◆ ACTIVITY ◆
Your reply should reproduce the data below without a single alteration, apart from dropping the images.

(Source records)
━━━━━━━━━━

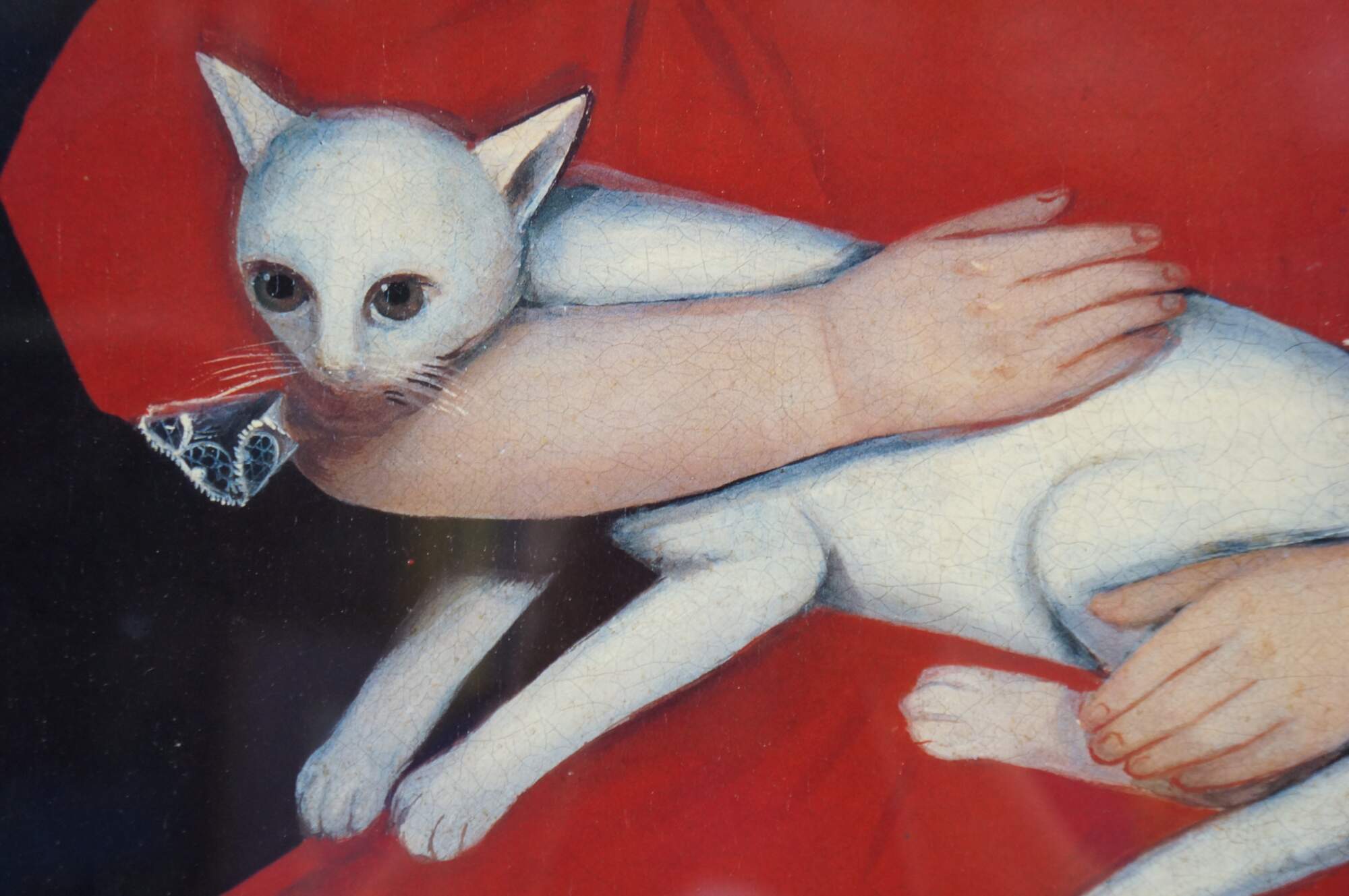 Large vintage print depicting "Girl in Red Dress with cat and Dog" by American portrait artist Ammi Phillips, originally painted circa 1830-1835. Shows a young girl dressed in a bright red dress, holding a white cat on her lap and a small dog at her feet. Black and faux tortoiseshell painted frame, print under museum glass..
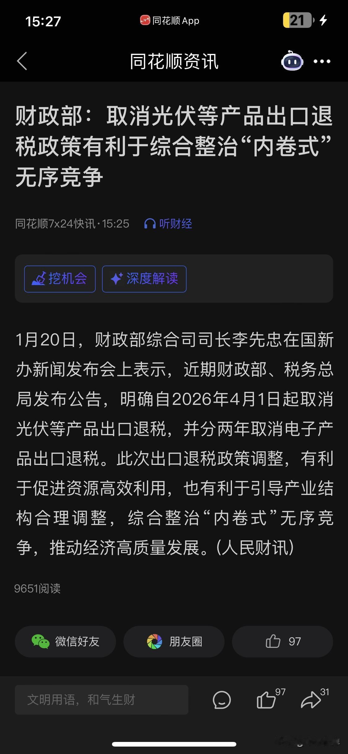取消光伏出口退税是对的。用自己本该分给国民的生活费贴补出口,让人家产业团灭,自己人生活艰难,这样出口的意义损人不利己。不只是光伏,全面取消一切出口退税才对。我们的劳动成本已经世界最低,何必还要去贴补关税?全面取消退税,把这些钱给民生社会保障不好吗?
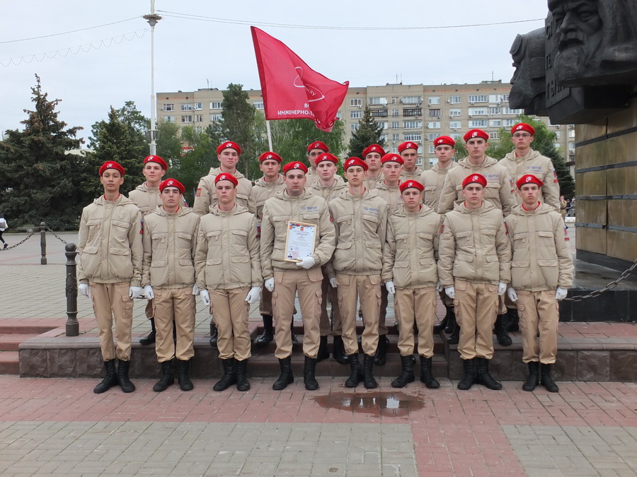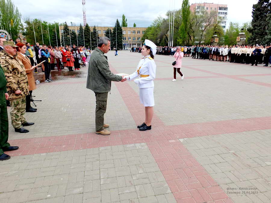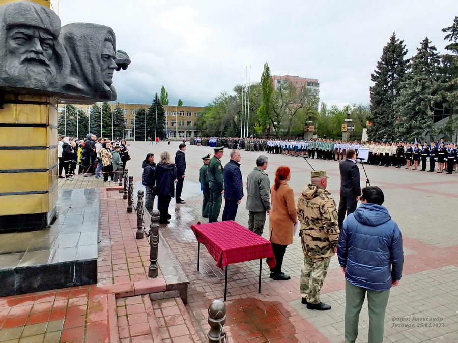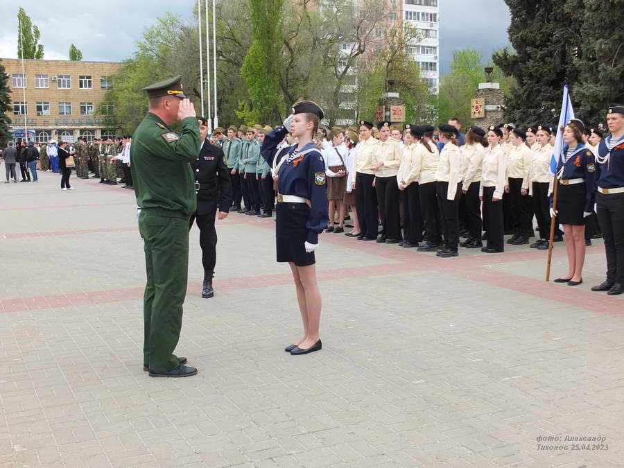 Сегодня, на площади Победы прошёл смотр строя и песни «Мы-будущее России! » посвященный Дню Победы среди учащихся образовательных учреждений, учреждений профессионального образования и молодёжных общественных объединений города Волгодонска.
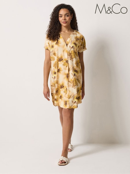 M&Co Yellow Notch Neck Mini Dress
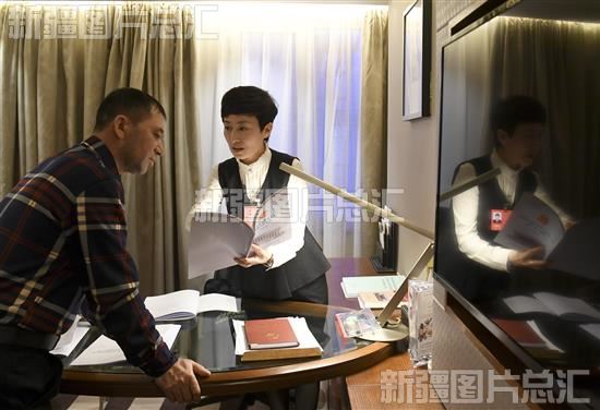 2020年1月5日,马燕(右)与其他代表一起讨论议案。
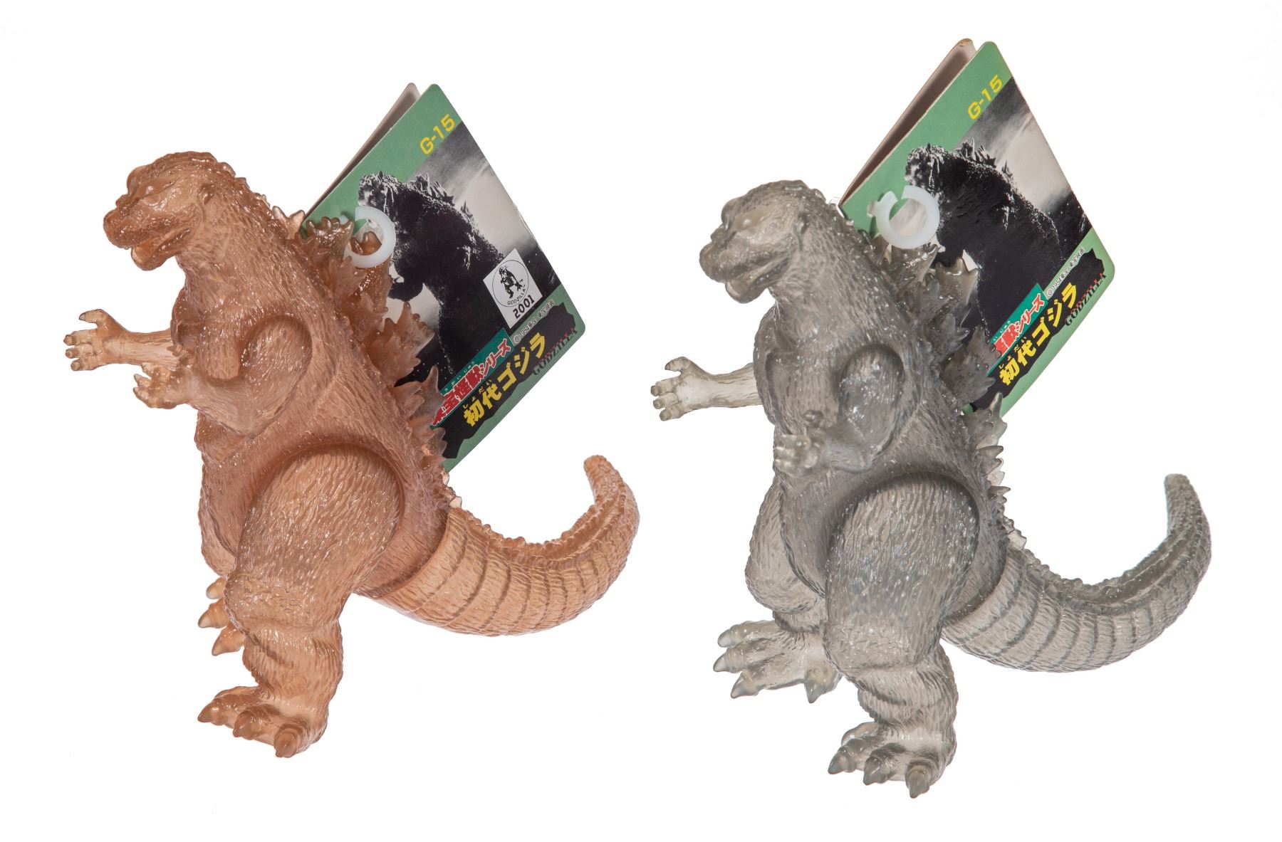 2001. Bandai Vinyl Figure w/ tag Tsuburaya Festival Set of 2 - Sepia Clear & Gray Clear. 6” tall figures. VG+.
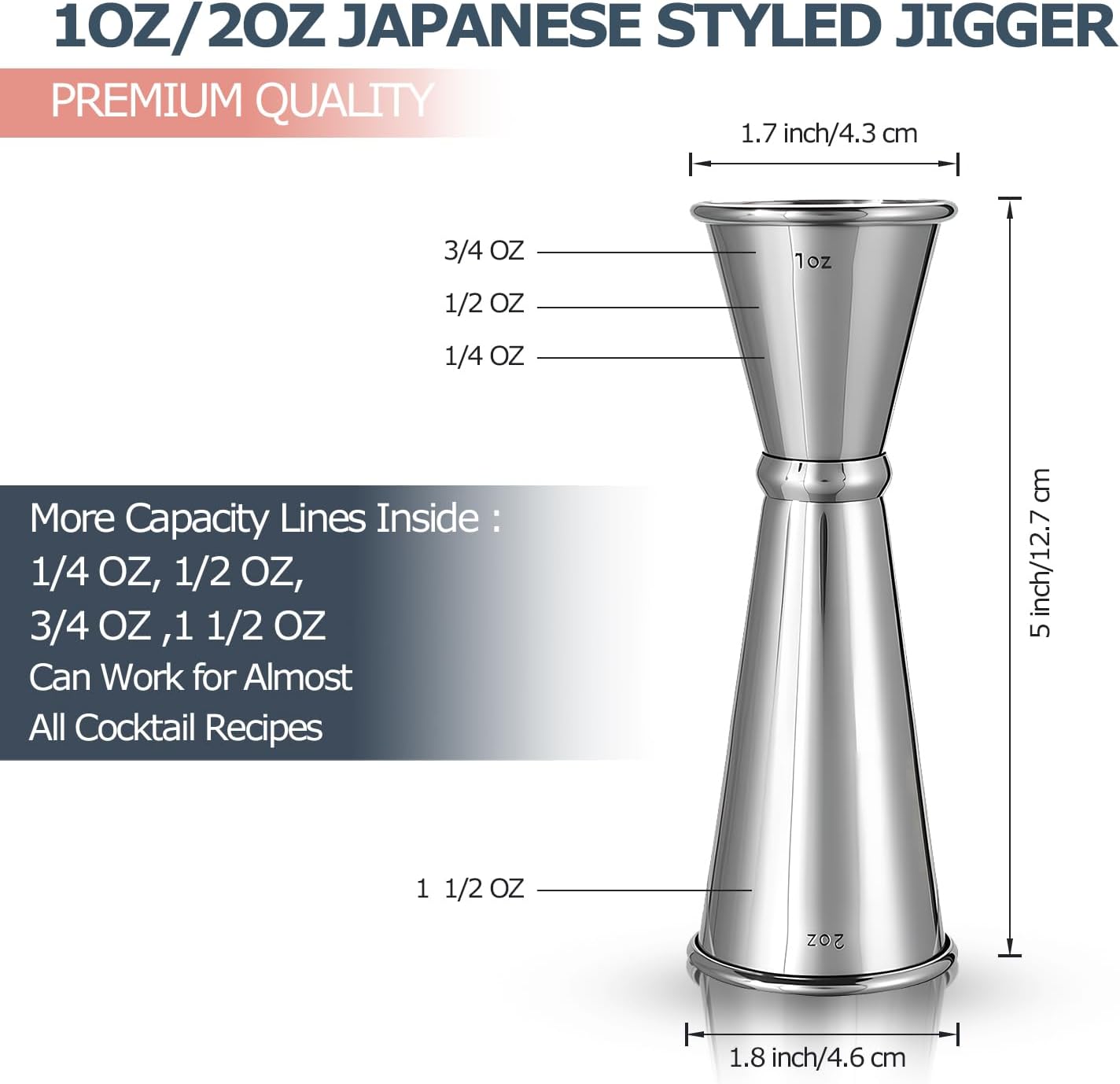• Included Components : 20/28OZ Boston Shaker, Double-Side Jigger (30ml/60ml), Mixing Spoon (25cm Length), Hawthorne Strainer, Fine Mesh Strainer, Liquid Pourer with Cap, Muddler, Corkscrew, Bottle Stopper, Ice Tong, Zester, Lemon Squeezer, Stainless Straw, Cocktail Pick, Cocktail Stirrer, Brush for Cleaning Straw/Pourer, Storage Glass, 39-Recipe Cocktail Cards, Bamboo Stand. 20/28OZ Boston Shaker, Double-Side Jigger (30ml/60ml), Mixing Spoon (25cm Length), Hawthorne Strainer, Fine Mesh Strainer, Liquid… See more

━━━━━━━━━━

◆ EXERCISE RESPONSE ◆
 Large vintage print depicting "Girl in Red Dress with cat and Dog" by American portrait artist Ammi Phillips, originally painted circa 1830-1835. Shows a young girl dressed in a bright red dress, holding a white cat on her lap and a small dog at her feet. Black and faux tortoiseshell painted frame, print under museum glass..
取消光伏出口退税是对的。用自己本该分给国民的生活费贴补出口,让人家产业团灭,自己人生活艰难,这样出口的意义损人不利己。不只是光伏,全面取消一切出口退税才对。我们的劳动成本已经世界最低,何必还要去贴补关税?全面取消退税,把这些钱给民生社会保障不好吗?
 Сегодня, на площади Победы прошёл смотр строя и песни «Мы-будущее России! » посвященный Дню Победы среди учащихся образовательных учреждений, учреждений профессионального образования и молодёжных общественных объединений города Волгодонска.
 M&Co Yellow Notch Neck Mini Dress
 2020年1月5日,马燕(右)与其他代表一起讨论议案。
 2001. Bandai Vinyl Figure w/ tag Tsuburaya Festival Set of 2 - Sepia Clear & Gray Clear. 6” tall figures. VG+.
• Included Components : 20/28OZ Boston Shaker, Double-Side Jigger (30ml/60ml), Mixing Spoon (25cm Length), Hawthorne Strainer, Fine Mesh Strainer, Liquid Pourer with Cap, Muddler, Corkscrew, Bottle Stopper, Ice Tong, Zester, Lemon Squeezer, Stainless Straw, Cocktail Pick, Cocktail Stirrer, Brush for Cleaning Straw/Pourer, Storage Glass, 39-Recipe Cocktail Cards, Bamboo Stand. 20/28OZ Boston Shaker, Double-Side Jigger (30ml/60ml), Mixing Spoon (25cm Length), Hawthorne Strainer, Fine Mesh Strainer, Liquid… See more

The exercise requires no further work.